Turn of the season
September 21, 2013
Maybe today's the day it won't warm up.
Goldenrod burns fall's first fire.
Doorways and front stoops sing
pumpkins and mums, pumpkins and mums.
The woodchuck waddles low across driveway
from grass to grass.
Everything's green, though yellow lurks
beneath the visual spectrum, waiting.
Listen: there's the rise
and fall, rise and fall I wait for,
breath half-held. One of these days
I'll forget there should've been sound.
Three months and the wind will whisk snow
against windowpanes, but today:
breathe warming dirt, the lawn's wild thyme.
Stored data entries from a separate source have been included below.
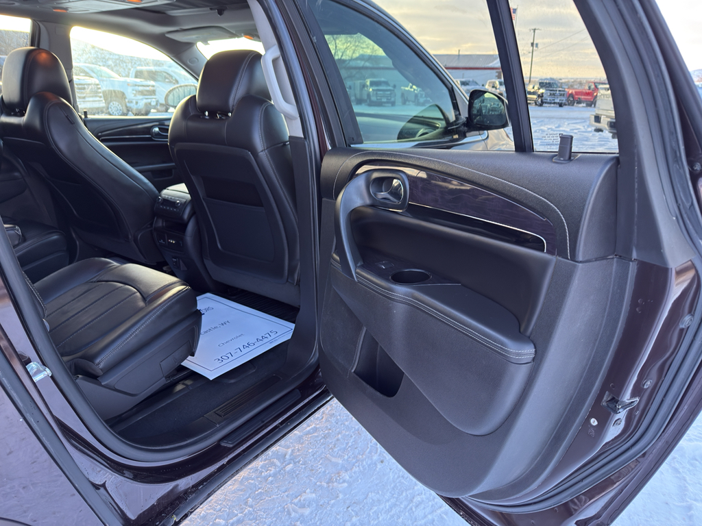 Packages Preferred Equipment Group 1SN: Bose Sound System; Forward Collision Alert and Lane Departure Warning; NavTraffic; Premium Package. Experience Buick Package: 20" Bright-Machined Aluminum Wheels with Blade Silver Pockets; Power Tilt-Sliding Moonroof. Buick Interior Protection Package: All-Weather Cargo Mat; 3rd Row All-Weather Floor Mats; All-Weather Floor Mats. 4500lbs Trailering Package: Trailer Hitch; Heavy-Duty Cooling System. Power Tilt-Sliding Moonroof. Color Touch AM/FM/CD/DVD/navigation Radio with IntelliLink. 20" Bright-Machined Aluminum Wheels with Blade Silver Pockets. Dark Chocolate Metallic. All-Weather Floor Mats. 3rd Row All-Weather Floor Mats. All-Weather Cargo Mat. Front License Plate Mounting Bracket. **Equipment listed is based on original vehicle build and subject to change. Please confirm the accuracy of the included equipment by calling the dealer prior to purchase.**
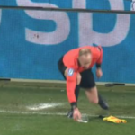 Intorno al 70′ minuto di gioco uno degli assistenti dell’arbitro è stato colpito alla testa: è stato lanciato dalle tribune infatti un bicchiere di plastica contenente birra (gesto immediatamente condannato da entrambi i club). Nessuna grave conseguenza per l’ufficiale di gara, ma la decisione dell’arbitro è stata quella di sospendere immediatamente la partita e ordinare il rientro delle due squadre negli spogliatoi. Dopo circa 10/15 minuti è arrivata la decisione definitiva: il match non riprenderà.
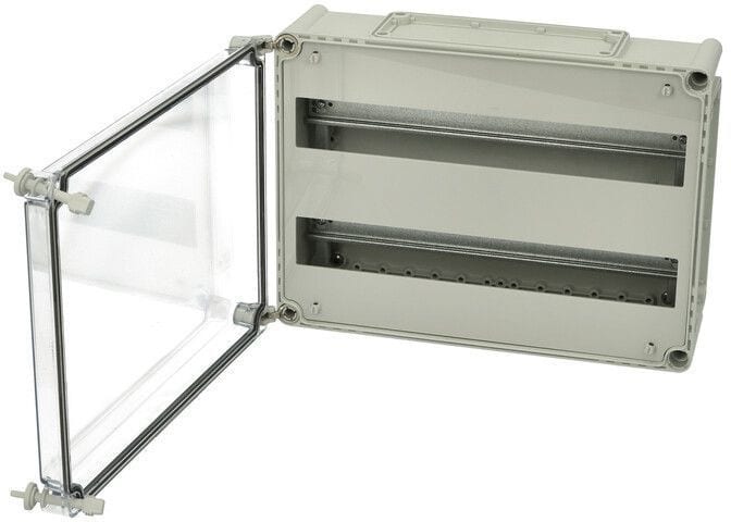Sisältää : Laippa-aukollinen alaosa, ruuvit asennuslevylle, kansi PUR-tiivisteellä ja polyamidi kansiruuveilla. Sisältää DIN-kiskojärjestelmän. IP66/67; IK08
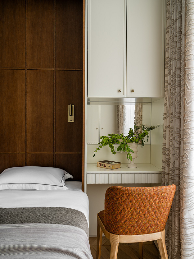 Вместо прикроватных тумбочек — ниша, которую предусмотрели внутри шкафа с одной стороны, а с другой — туалетный столик.

The woodchuck munches, focused, getting ready.
This is a revision of a poem which I wrote ten years ago. In 2005 it became part of a manuscript called Manna which I sent around to first-book contests for some years. I had thought that this poem had appeared in The Berkshire Review, but my records show other poems in that journal during that time, not this one. Anyway: I find myself thinking of the "pumpkins and mums" line every year at this season, so I dug up the poem and did a bit of polishing and am sharing it here in honor of the equinox. Hope y'all enjoy.
For those who are so inclined, here's the traditional blessing for the tekufah, the equinox (which comes from Talmud):
Blessing for the Tekufah / Equinox
ברוך אתה ה' אלהינו מלך העולם עושה בראשית
Baruch atah Adonai, eloheinu melech ha'olam, oseh vereishit.
Blessed are You, Adonai our God, Source of all being, who makes creation.